甘い きもち
そうして家に入った俺たちは
俺たち は
いや、俺の 甘いの、は。
開口一番 こう言った。
「 めんなさい 」
えっ
なに
なんで
???
ハテナ顔の俺に 少し 逆に戸惑う 甘い君
それがまた 可愛 可愛
そんなに 永く
離れていない
そんなに 君を
思い 出してた訳じゃない
多分
しかしのしかし
こんなに 可愛
可愛い ものかと
いや孫じゃねぇよ
黙って俺は眺めていた。
久しぶりな気がする 俺の甘い 君を。
おんなごごろなど
分からぬ俺
とにかく可愛 可愛 な
きみを
そのまま眺めていた。
なにを思っているのか
なにも思っていないのか
自分でもわからぬ まま
頭の中は からっぽ
しかし 目は 釘付け
ただただ その
黒い髪 濡れた夜空の瞳
その 逡巡の色が見える
甘い 瞳
「どうしたの? 」
少し 悩んだ俺は訊いた
決めたんだ
俺
見つけたんだ
俺の居場所を
だから
「話しておくれよ、俺の きみよ。
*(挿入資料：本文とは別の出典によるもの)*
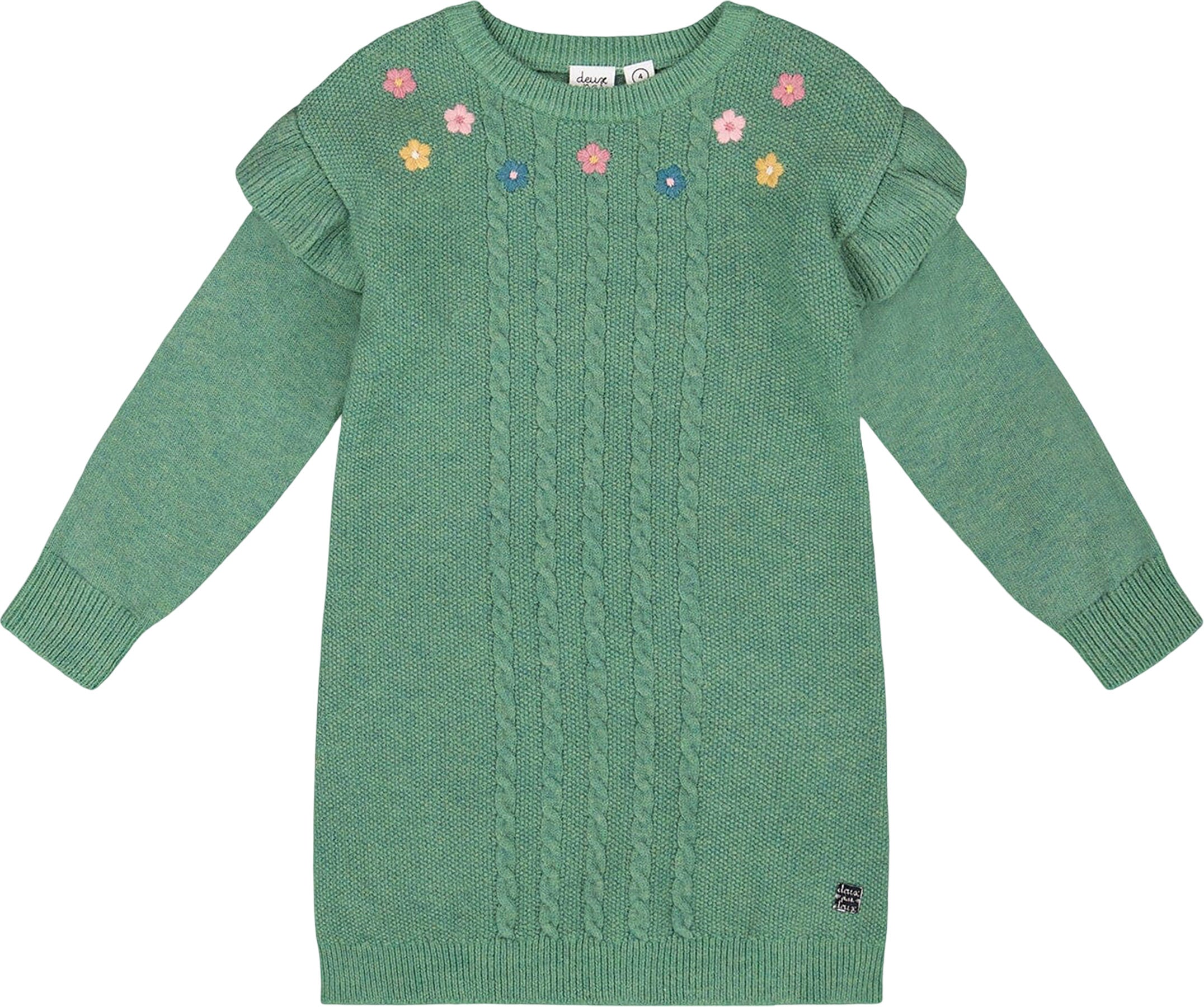 Knitted Dress with Ruffles and Floral Embroidery - Little Girl
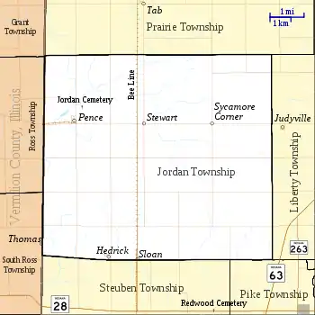 According to the 2010 census, the township has a total area of 40.56 square miles (105.0 km2), of which 40.55 square miles (105.0 km2) (or 99.98%) is land and 0.02 square miles (0.052 km2) (or 0.05%) is water.[2] The small town of Pence lies near the western edge of the township, which is also the Illinois border. An even smaller town, Stewart, is located about 2 miles (3.2 km) east of Pence and now consists mainly of a grain processing facility. Near the southern border of the township lies the town of Hedrick. The town of Sloan once existed just east of Hedrick but no buildings now remain. Likewise, the town of Sycamore Corner was 2 miles (3.2 km) east of Stewart at 40°21′36″N 87°26′04″W but is now entirely gone.
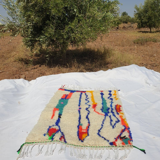 Tapis Blanc Marocain Azilal | YAYUKI | 4'7x3'3 pieds | 1,43x1,00 m | 100% laine fait main
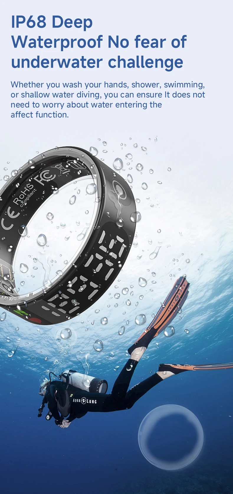 Anillo inteligente de 2025, 5ATM, pantalla Digital resistente al agua, Control de gestos, monitoreo de oxígeno en sangre, múltiples modos deportivos, anillo inteligente

」
「俺と 一緒にいて」
「俺はきみが 」
言葉が見つからねぇ
俺は
上手いことは 言えないし
彼女を表す ことば を持っていなかった
すき とも あい とも
ちがう
君は なんなのだろうな
いつの間にやら 俺の なかに
こんなにも 巣食っている
この 甘く 柔らかで
美しく 恐ろしくもある
きみは
ピタリと 止まって考える俺
すると声が聞こえてきた
俺が 聞きたかった 君の 声が。
「オテガミ いわなくて ごめんなさい」
?
俺は その言葉を聞いてもよく 分からなかった
おてがみ を
彼女が
隠した事を悔いている
と、いう 解釈で
間違いないかね?きみ。
しかし
まだ 意味不。
「どうして 隠した?の??」
俺の口と脳は 直結
ポロリと漏れる 頭の中
甘いのは 少し 考える
甘いのは そこそこ ずっと
考えている。
俺がそろそろ 「今何時かな」なんて
思い始めた頃
甘い 桜色が 動いた
「中で せつめいする ね」
言わんのかい!!
とは
流石に 突っ込まなかったけど な。
彼女の後をついて
俺たちの家に 入った。
いつの間にやら ちょっと いま風 に
なっている 俺たちの 森の
sweet home に な。